Flowering time is July / August. The flower stalks are purple and mostly unbranched, the inflorescences are 5 to 20 millimeters long, forked coils with 2 to 4 flowers each . The bracts are 2.2 to 4.8 millimeters long. The flower stalks are 0.4 to 1 millimeter long, the flowers upright, 7.5 to 14 millimeters long, the flower tube cylindrical to hexagonal. Six wings run from the thickening at the base of the flower tube to the ovary . The tepals are three-lobed, the perianth is circumscissile, so all of the flower elements above the flower tube are thrown off after pollination, but leave behind a bare "flower tube" which is then persistent. The outer tepals are white to purple, the inner - like the throat - yellowish-brown. A very rare characteristic in the family is that the stamens have stamens . These are 0.1 to 0.2 millimeters long.

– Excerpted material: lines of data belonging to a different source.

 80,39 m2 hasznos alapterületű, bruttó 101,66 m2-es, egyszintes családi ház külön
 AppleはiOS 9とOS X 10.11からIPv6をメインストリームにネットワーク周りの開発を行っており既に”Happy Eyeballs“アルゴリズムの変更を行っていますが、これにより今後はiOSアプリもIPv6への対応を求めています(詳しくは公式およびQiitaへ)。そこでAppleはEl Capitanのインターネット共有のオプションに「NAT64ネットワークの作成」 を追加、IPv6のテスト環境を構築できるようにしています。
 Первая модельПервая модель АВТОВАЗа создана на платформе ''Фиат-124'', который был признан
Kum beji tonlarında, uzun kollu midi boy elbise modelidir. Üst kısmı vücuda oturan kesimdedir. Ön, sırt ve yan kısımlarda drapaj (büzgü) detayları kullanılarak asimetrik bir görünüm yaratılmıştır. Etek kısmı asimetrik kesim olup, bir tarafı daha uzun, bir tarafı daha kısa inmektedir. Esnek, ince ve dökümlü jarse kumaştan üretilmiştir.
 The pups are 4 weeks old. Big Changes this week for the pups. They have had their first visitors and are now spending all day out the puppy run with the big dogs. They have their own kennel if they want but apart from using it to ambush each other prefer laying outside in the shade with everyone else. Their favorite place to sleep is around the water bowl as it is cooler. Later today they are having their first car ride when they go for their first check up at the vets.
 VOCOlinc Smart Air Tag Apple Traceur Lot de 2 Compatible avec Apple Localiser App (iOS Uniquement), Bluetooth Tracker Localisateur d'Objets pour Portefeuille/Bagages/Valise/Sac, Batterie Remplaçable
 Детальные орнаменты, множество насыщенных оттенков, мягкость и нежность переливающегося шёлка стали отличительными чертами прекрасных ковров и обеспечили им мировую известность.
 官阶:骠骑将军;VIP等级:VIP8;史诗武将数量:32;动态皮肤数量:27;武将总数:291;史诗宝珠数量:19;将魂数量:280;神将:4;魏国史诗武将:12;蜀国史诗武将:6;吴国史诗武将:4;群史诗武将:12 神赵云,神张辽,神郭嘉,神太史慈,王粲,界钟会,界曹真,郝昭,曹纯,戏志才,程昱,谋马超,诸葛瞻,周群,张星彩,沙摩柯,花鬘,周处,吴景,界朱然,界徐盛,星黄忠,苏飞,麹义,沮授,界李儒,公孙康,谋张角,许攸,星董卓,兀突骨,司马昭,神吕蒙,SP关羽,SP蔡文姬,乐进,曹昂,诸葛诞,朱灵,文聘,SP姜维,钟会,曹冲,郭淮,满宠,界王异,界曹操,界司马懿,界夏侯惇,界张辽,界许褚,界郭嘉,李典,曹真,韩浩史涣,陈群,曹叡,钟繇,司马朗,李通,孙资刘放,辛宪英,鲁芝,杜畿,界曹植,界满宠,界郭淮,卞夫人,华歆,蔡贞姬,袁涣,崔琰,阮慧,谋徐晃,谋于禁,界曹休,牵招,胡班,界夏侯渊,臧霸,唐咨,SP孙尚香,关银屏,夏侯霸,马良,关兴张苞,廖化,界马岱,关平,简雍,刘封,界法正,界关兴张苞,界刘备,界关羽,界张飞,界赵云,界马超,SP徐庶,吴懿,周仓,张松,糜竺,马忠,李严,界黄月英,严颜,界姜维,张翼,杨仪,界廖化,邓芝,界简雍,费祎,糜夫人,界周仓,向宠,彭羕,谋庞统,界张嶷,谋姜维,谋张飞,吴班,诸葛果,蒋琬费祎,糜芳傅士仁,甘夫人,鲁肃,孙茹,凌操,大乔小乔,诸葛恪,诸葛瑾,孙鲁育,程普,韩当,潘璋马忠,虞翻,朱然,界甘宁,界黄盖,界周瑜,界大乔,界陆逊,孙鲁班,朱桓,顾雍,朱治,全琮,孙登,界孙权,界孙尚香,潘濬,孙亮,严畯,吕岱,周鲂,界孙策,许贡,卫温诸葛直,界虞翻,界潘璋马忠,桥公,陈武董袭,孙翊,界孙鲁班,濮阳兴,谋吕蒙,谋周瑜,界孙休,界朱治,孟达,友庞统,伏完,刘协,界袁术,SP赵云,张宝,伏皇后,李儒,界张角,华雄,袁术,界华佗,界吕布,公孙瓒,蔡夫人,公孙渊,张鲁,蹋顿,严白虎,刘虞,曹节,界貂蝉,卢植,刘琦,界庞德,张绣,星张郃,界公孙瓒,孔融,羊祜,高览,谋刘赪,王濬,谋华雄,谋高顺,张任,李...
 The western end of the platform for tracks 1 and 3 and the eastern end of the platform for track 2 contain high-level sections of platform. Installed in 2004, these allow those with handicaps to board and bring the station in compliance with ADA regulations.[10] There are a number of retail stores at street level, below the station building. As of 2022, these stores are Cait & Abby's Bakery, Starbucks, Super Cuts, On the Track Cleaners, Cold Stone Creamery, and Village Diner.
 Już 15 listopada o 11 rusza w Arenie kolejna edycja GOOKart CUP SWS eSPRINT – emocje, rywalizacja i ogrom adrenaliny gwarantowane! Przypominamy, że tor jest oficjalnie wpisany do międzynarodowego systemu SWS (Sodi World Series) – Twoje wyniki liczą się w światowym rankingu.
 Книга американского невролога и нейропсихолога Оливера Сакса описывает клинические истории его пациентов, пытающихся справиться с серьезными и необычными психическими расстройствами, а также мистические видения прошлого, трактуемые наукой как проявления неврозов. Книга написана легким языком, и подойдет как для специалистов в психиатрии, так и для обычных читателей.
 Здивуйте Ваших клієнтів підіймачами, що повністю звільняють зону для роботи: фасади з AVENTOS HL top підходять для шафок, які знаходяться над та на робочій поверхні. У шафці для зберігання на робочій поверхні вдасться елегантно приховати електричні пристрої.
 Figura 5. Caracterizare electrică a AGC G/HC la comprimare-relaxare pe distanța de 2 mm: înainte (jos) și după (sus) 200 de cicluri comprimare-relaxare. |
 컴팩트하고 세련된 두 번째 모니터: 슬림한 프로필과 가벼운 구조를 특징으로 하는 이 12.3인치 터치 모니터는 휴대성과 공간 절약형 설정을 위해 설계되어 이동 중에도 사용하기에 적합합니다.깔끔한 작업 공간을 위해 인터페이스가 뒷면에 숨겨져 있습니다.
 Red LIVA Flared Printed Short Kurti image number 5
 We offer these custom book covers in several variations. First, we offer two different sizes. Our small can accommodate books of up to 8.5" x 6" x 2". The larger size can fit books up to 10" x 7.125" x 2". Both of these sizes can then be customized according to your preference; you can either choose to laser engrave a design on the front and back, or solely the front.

The capsule fruits are broad to obliquely inverted-egg-shaped, 2.5 to 3.8 millimeters long and 2.3 to 4 millimeters long. The seeds are brown, round to ovate and have a short funiculus .

distribution

Hexapterella gentianoides can be found in northern South America, finds are from Brazil as well as Colombia, Guyana, Trinidad and Suriname. There it grows in rainforests, rarely wet savannas , from sea level to altitudes of 800 m.

Botanical history

Hexapterella gentianoides was first described by Ignaz Urban in 1903 ; the epithet refers to the similarity of the plant to the gentians . Until 1989 it was the only species in the genus.

proof

  • PJM Maas, H. Maas-van de Kamer, J. van Bentham, HCM Snelders, T. Rübsamen: Burmanniaceae . Flora Neotropica, Monogr. Volume 42, 1986, pp. 1-189.